The center encompasses a large esplanade that accommodates up to 6,000 people. The esplanade is a venue for performances, festivals, and expos. There is also a large bookshop that also sells handicrafts and design items.

The permanent exhibition, Museo de las Californias, ("Museum of The Californias"), which houses over 200 pieces and demonstrates the history of the Baja Peninsula and the current U.S. state of California from the prehistoric period until the first half of the 20th century.

Outside there is the pre-Hispanic style garden called Jardin Caracol ("Snail Garden"), that contains sculptures from the different regions of the mesoamerican cultures that inhabited south Mexico before the arrival of the Spanish Army.

There is a small café in the garden.

A theatre has a room for around a thousand visitors and it is mostly used for private concerts and plays. There are also lecture rooms, video room, café, and a bookshop. There are several spaces for temporary small exhibits.

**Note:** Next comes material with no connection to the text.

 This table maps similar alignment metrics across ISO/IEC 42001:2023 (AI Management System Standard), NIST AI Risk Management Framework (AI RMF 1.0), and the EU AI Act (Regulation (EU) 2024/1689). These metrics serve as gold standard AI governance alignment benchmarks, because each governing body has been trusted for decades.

In September 2008, on the eve of its 26th anniversary, CECUT opened El Cubo ("The Cube"), so named because of the contrast between the nickname of the OMNIMAX cinema "The Ball". Since then it has been the home for exhibitions from other countries such as those of Buda Guanyin, Gabriel Figueroa, Alice Rahon, Venus en Tijuana, Proyecto Civico, and Animated Painting among others.

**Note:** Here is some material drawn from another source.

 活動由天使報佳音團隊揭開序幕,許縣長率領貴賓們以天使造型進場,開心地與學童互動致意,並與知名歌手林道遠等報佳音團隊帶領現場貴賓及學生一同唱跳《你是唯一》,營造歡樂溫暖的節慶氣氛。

The Cubo Bistro restaurant offers French cuisine organized by celebrity chef Javier Plascencia, considered the greatest contributor to the development of Baja Med cuisine.

==History and impact==
The center opened in 1982 with the mission to promote cultural tourism from the US. The building was constructed by the architects Pedro Ramírez Vázquez and Manuel Rosen Morrison. The CECUT first opened as part of the National Fund for Social Activities then in 1983 it was part of the Ministry of Tourism. Later that year CECUT was joined into the Ministry of Public Education. Finally, in 1986 the CECUT gained its own independence, and was able to plan its own budget. In 1988 they changed their actions guiding themselves towards a comprehensive national cultural policy.

CECUT is a 2.1 km walk from the east port of entry from San Ysidro to Mexico.